### Data segment
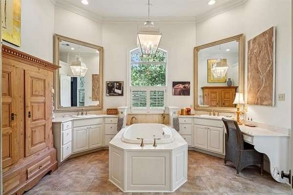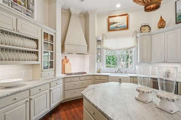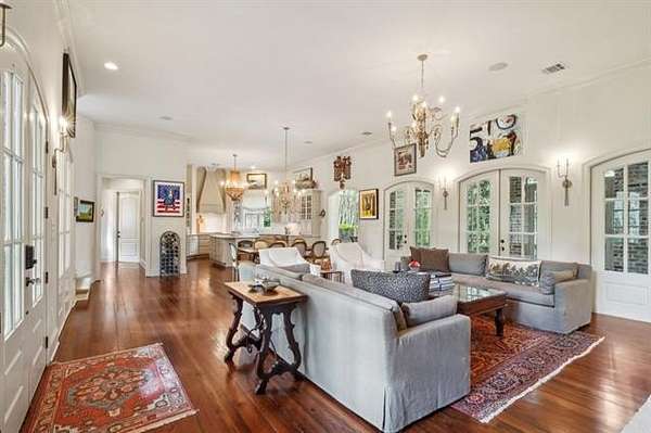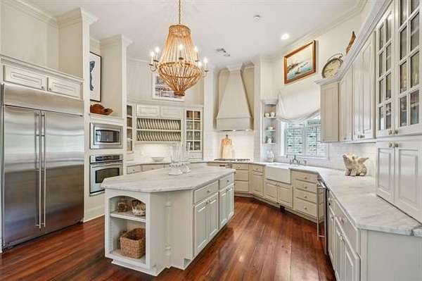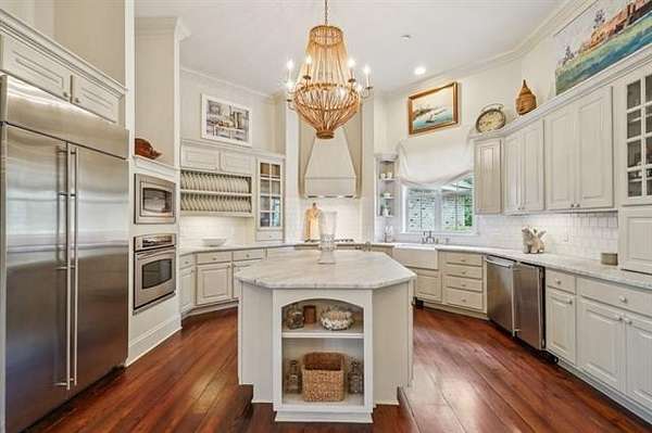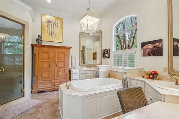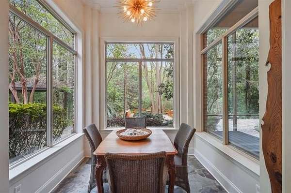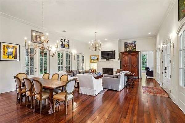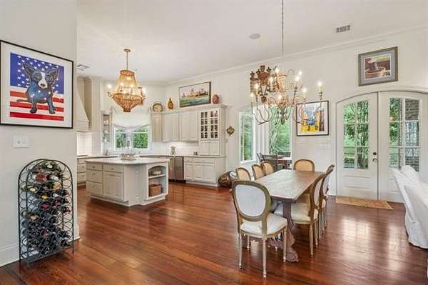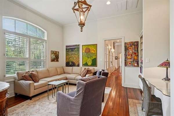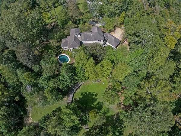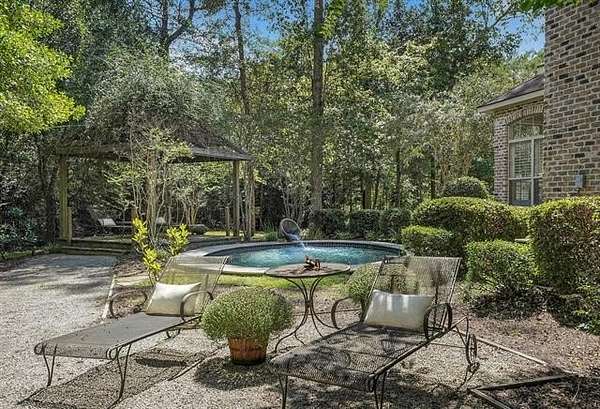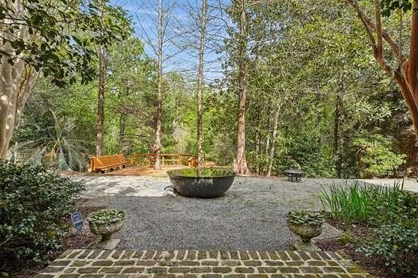 Perched on a bluff with the Little Bogue Falaya River meandering nearby is this beautiful European style home on +/-3.59 lush, private acres. Chic, professionally designed interiors with 12' ceilings, antique heart of pine floors, and custom lighting. Chef's kitchen with Wolf cooktop, farmhouse sink and marble counters opens to a spacious Living~Dining combo with French doors and a fireplace. A sunny glassed in breakfast or reading nook overlooks the grounds. A primary suite with large bath features a WOW closet! A stylish circular turret encasing the staircase leads you to a sitting room/den, four bedrooms each with a Jack and Jill bath, and a convenient computer nook. A bricked screened patio will be your go-to for morning coffee, cocktails, or to just take in the peace and serenity. An in-ground pool completes this idyllic picture. Three car garage and Green space on three sides. Beechwood Gardens has a unique and compelling history with nature trails, abundant green spaces, ponds, a sandy beach on the river, and more. Breathtaking views of gorgeous grounds with abundant flora and fauna.
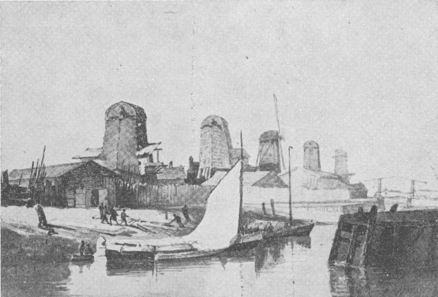 De zaagmolens van Molendorp te Oostende van houtzagerijen die de scheepswerven voorzien in 1821. Rechts de brug van Sas van Slijkens.
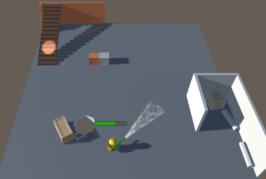 Because of time constraints I was not able to fully realize my vision and goals of the project. Unfortunately, I had to cut some features that were taking too much time, a wall that could be destroyed using the leafblower for example. In the end, I was able to make four levels, each in where a valuable mechanic was introduced for the player. For the project I mainly focused on level structure, core mechanics and dynamics, game feel and feedback loops. I also implemented a final boss fight to test the player’s control over the mechanics.
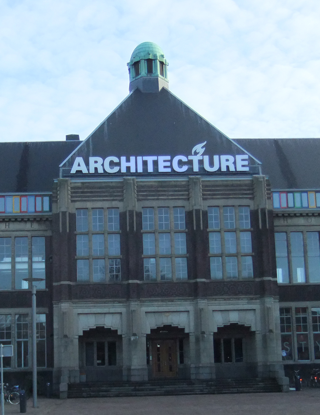 Architecture prijkt op gevel Bouwkunde 01/01/2011 lid bv TU Noord Campus, Kennisstad / TICD Eind december zijn de enorme letters boven de ingang van het gebouw voor Bouwkunde aan de Julianalaan gemonteerd.

### Prompt
Write out exactly the lines of the material above, starting with the first and finishing with the line that contains "De zaagmolens van", without pictures.

### Result of the task
 Perched on a bluff with the Little Bogue Falaya River meandering nearby is this beautiful European style home on +/-3.59 lush, private acres. Chic, professionally designed interiors with 12' ceilings, antique heart of pine floors, and custom lighting. Chef's kitchen with Wolf cooktop, farmhouse sink and marble counters opens to a spacious Living~Dining combo with French doors and a fireplace. A sunny glassed in breakfast or reading nook overlooks the grounds. A primary suite with large bath features a WOW closet! A stylish circular turret encasing the staircase leads you to a sitting room/den, four bedrooms each with a Jack and Jill bath, and a convenient computer nook. A bricked screened patio will be your go-to for morning coffee, cocktails, or to just take in the peace and serenity. An in-ground pool completes this idyllic picture. Three car garage and Green space on three sides. Beechwood Gardens has a unique and compelling history with nature trails, abundant green spaces, ponds, a sandy beach on the river, and more. Breathtaking views of gorgeous grounds with abundant flora and fauna.
 De zaagmolens van Molendorp te Oostende van houtzagerijen die de scheepswerven voorzien in 1821. Rechts de brug van Sas van Slijkens.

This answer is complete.